- [Extracted entries]
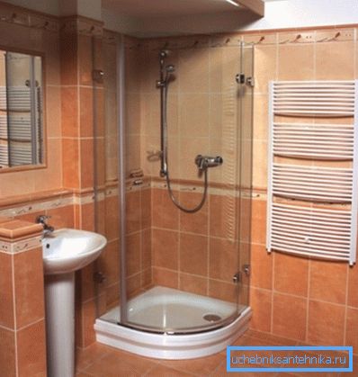 To isolate the shower space can be used glass walls of the cabin or water-repellent curtains, mounted on metal or plastic rails.
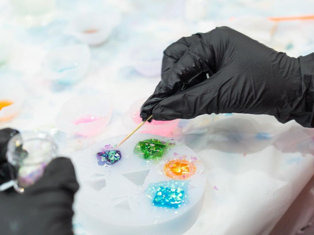 All materials provided (resin, pigments, glitters, moulds, and more!)
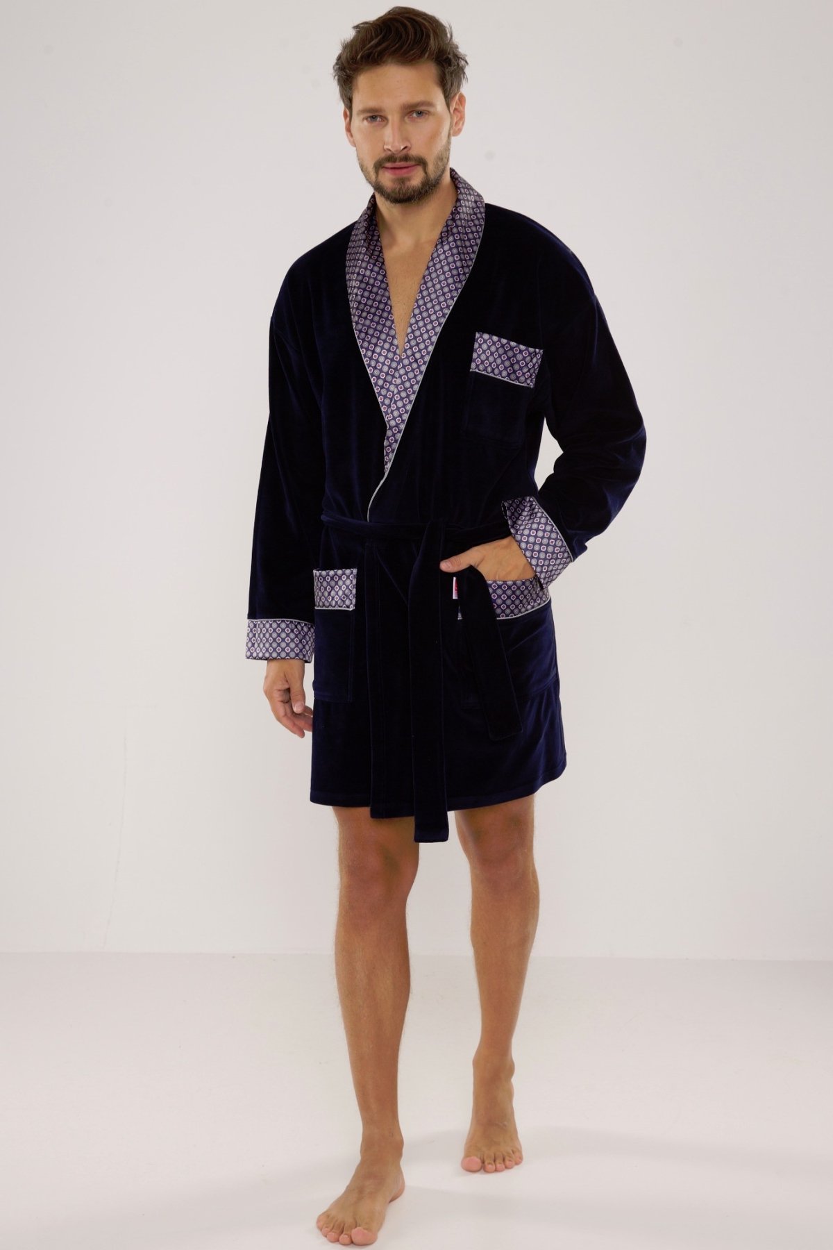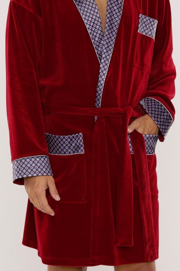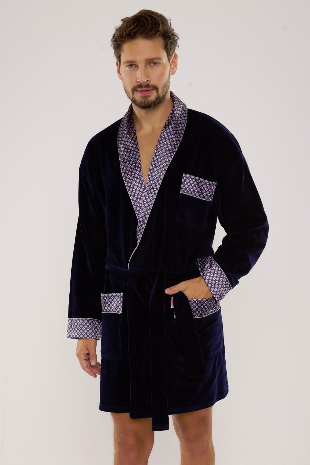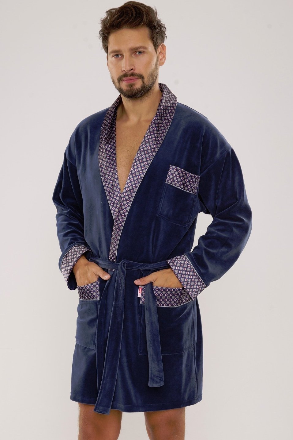 Pánský župan Bonjour v krátké verzi kombinuje pohodlí, funkčnost a nadčasovou eleganci. Vyrobený z kvalitního veluru s vysokým podílem bavlny. Je mimořádně měkký, hřejivý a příjemný na dotek. Klasický střih se šálovým límcem a páskem v pase zaručuje pohodlné nošení i atraktivní vzhled. Praktické kapsy – dvě po stranách a jedna menší na hrudi – poskytují prostor na drobnosti. Saténové lemy s decentním vzorem dodávají županu luxusní charakter. Kousek ideální pro muže, kteří si cení kvality, stylu a pohodlí po koupeli nebo při domácím odpočinku.
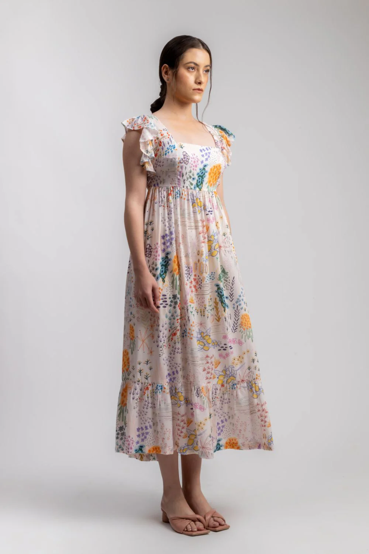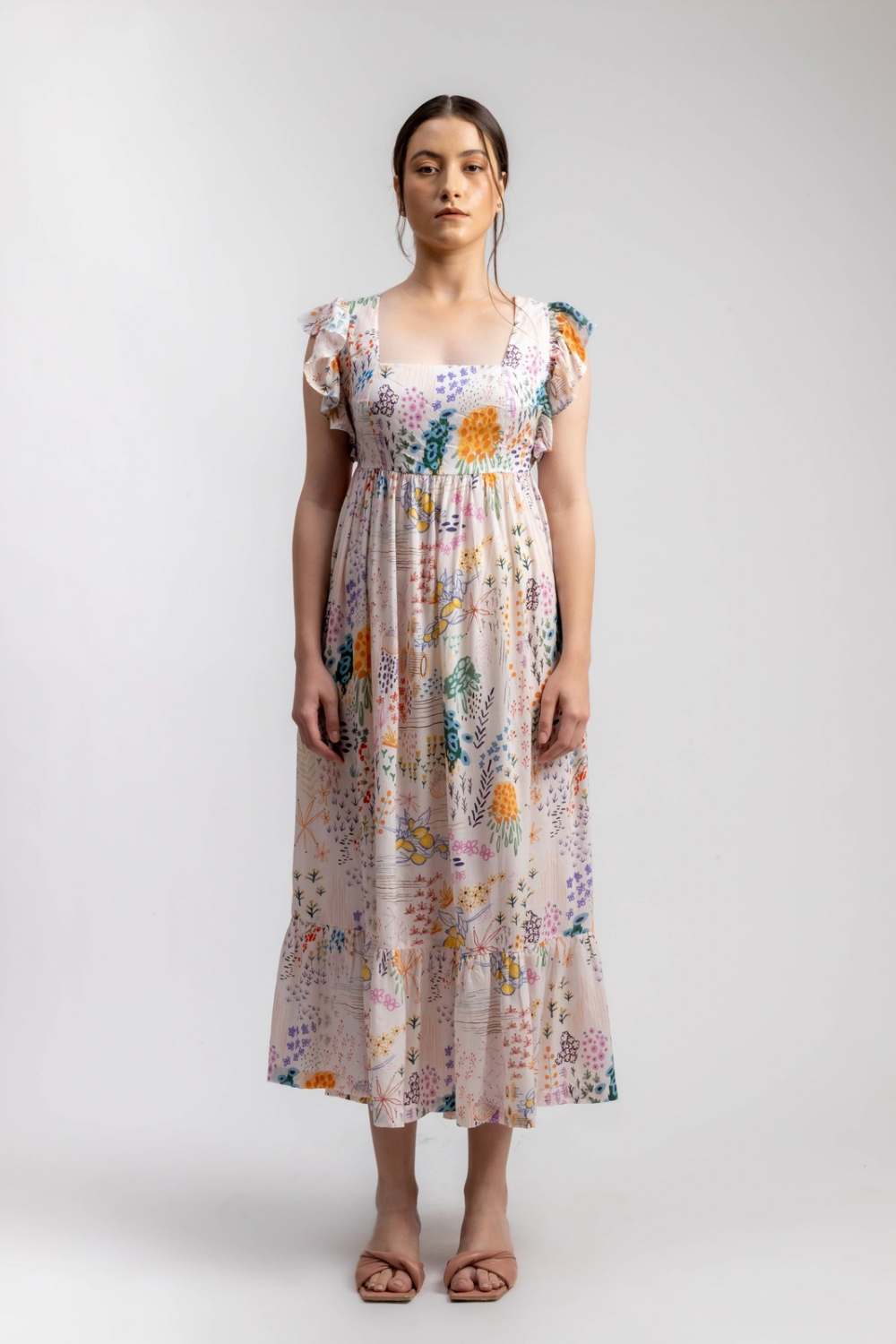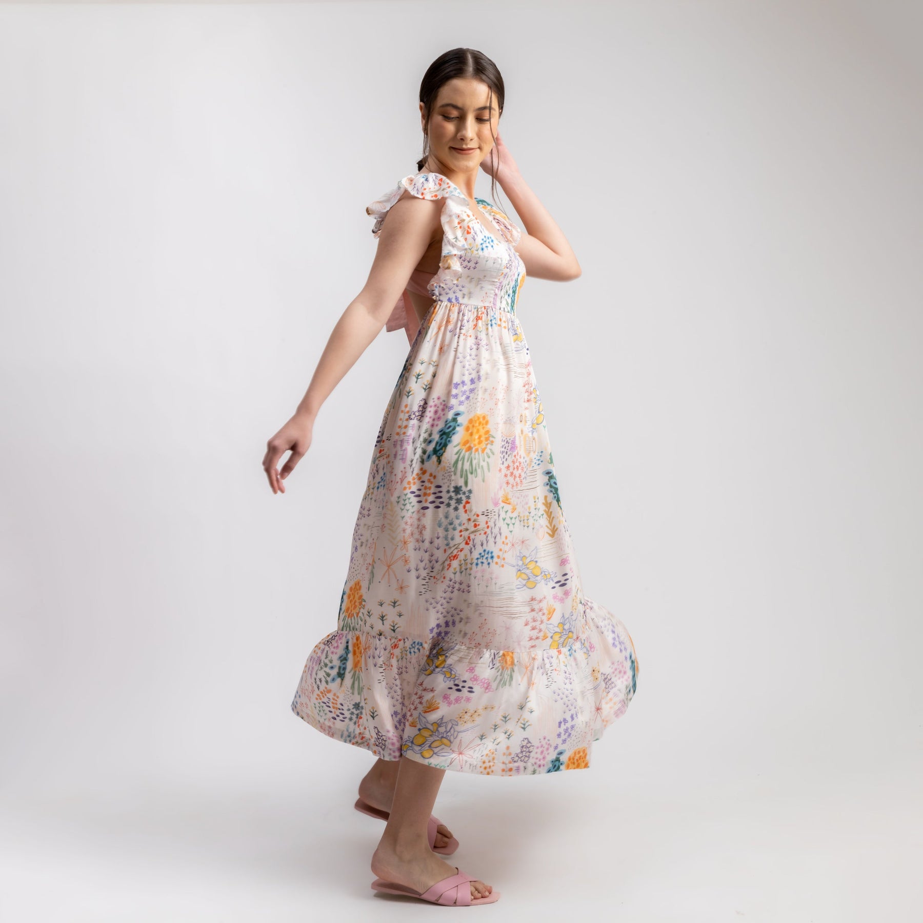 Product Type: Dress Printed ruffles sleeve dress with back bow detail. The dress is gathered at waist and comes with pockets. The piece is Upcycled using factory waste. The fabric is collected, cleaned, panelled to create this style.
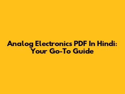 Analog Electronics PDF In Hindi: Your Go-To Guide
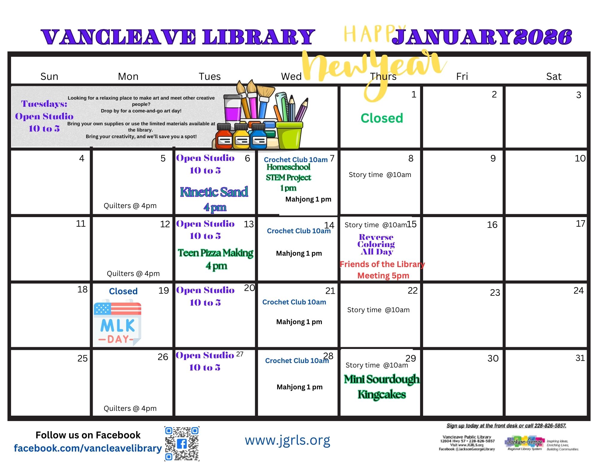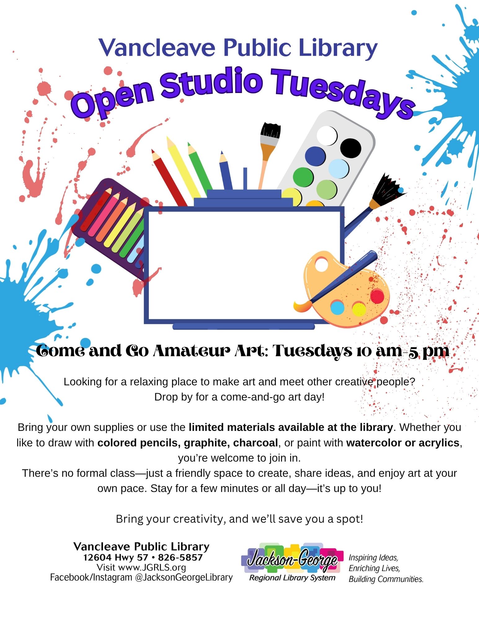 Vancleave, MS —The Vancleave Public Library invites artists, hobbyists, and anyone looking for a creative outlet to join Open Studio Tuesdays, held every Tuesday from 10:00 a.m. to 5:00 p.m.
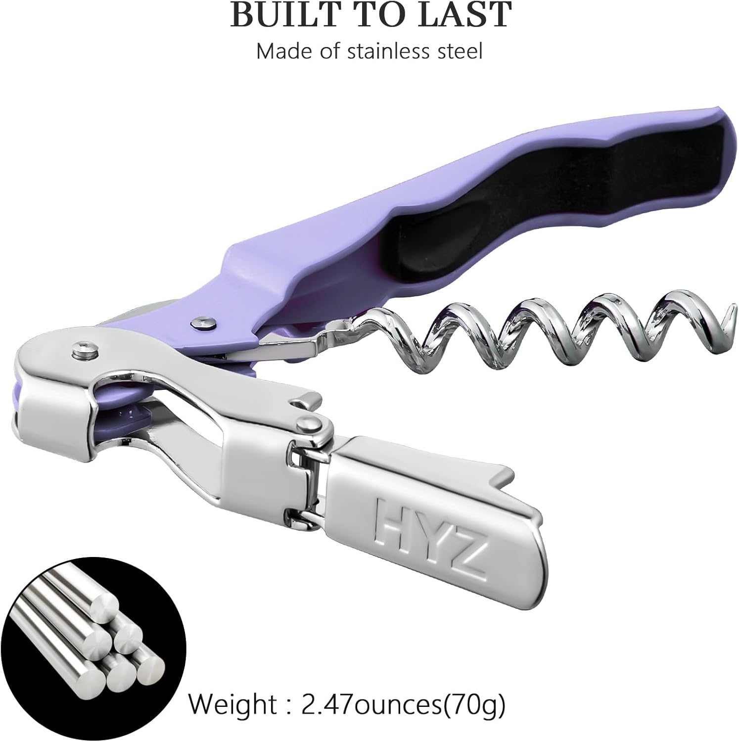 HYZ 2-Pack Wine Opener Waiter Corkscrew, Professional Wine Key for Servers, Bartender with Foil Cutter, Manual Wine Bottle Opener Double Hinged (Lavender)
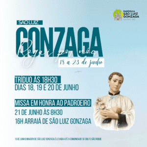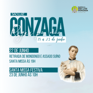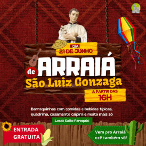 No dia de São Luiz Gonzaga, 21 de junho, feriado municipal, iniciamos as comemorações ao Santo com Santa Missa, às 8h30, na Igreja. A tarde, a partir das 16h, Arraiá de São Luiz Gonzaga no salão paroquial, vai ter quadrilha, comidas e bebidas típicas, casamento caipira e muita diversão.
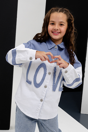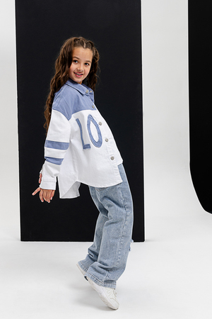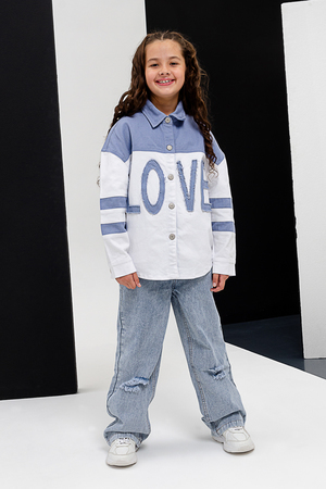 Отличная рубашка для девочек. Рубашка выполнена из ткани джинс 100% хлопка - хороший износостойкий материал.
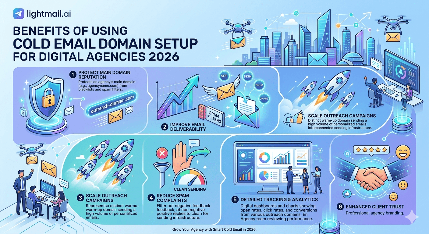 Your primary domain carries your business identity. Every proposal, every partnership email, every sales conversation uses that domain. If it gets flagged or blacklisted from cold email sending, the damage extends far beyond the one campaign that caused it. We've seen agencies spend 6–8 weeks in reputation recovery while their entire new business pipeline stalled.
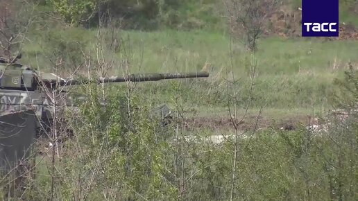Кадры боевой работы экипажей танков подразделений Вооруженных сил России по уничтожению огневых точек укрепрайона ВСУ

- [Assigned task] Leave out any pictures, please, and quote only the lines from the top of the data through the line that contains "Отличная рубашка для".

- [Worked solution]
 To isolate the shower space can be used glass walls of the cabin or water-repellent curtains, mounted on metal or plastic rails.
 All materials provided (resin, pigments, glitters, moulds, and more!)
 Pánský župan Bonjour v krátké verzi kombinuje pohodlí, funkčnost a nadčasovou eleganci. Vyrobený z kvalitního veluru s vysokým podílem bavlny. Je mimořádně měkký, hřejivý a příjemný na dotek. Klasický střih se šálovým límcem a páskem v pase zaručuje pohodlné nošení i atraktivní vzhled. Praktické kapsy – dvě po stranách a jedna menší na hrudi – poskytují prostor na drobnosti. Saténové lemy s decentním vzorem dodávají županu luxusní charakter. Kousek ideální pro muže, kteří si cení kvality, stylu a pohodlí po koupeli nebo při domácím odpočinku.
 Product Type: Dress Printed ruffles sleeve dress with back bow detail. The dress is gathered at waist and comes with pockets. The piece is Upcycled using factory waste. The fabric is collected, cleaned, panelled to create this style.
 Analog Electronics PDF In Hindi: Your Go-To Guide
 Vancleave, MS —The Vancleave Public Library invites artists, hobbyists, and anyone looking for a creative outlet to join Open Studio Tuesdays, held every Tuesday from 10:00 a.m. to 5:00 p.m.
 HYZ 2-Pack Wine Opener Waiter Corkscrew, Professional Wine Key for Servers, Bartender with Foil Cutter, Manual Wine Bottle Opener Double Hinged (Lavender)
 No dia de São Luiz Gonzaga, 21 de junho, feriado municipal, iniciamos as comemorações ao Santo com Santa Missa, às 8h30, na Igreja. A tarde, a partir das 16h, Arraiá de São Luiz Gonzaga no salão paroquial, vai ter quadrilha, comidas e bebidas típicas, casamento caipira e muita diversão.
 Отличная рубашка для девочек. Рубашка выполнена из ткани джинс 100% хлопка - хороший износостойкий материал.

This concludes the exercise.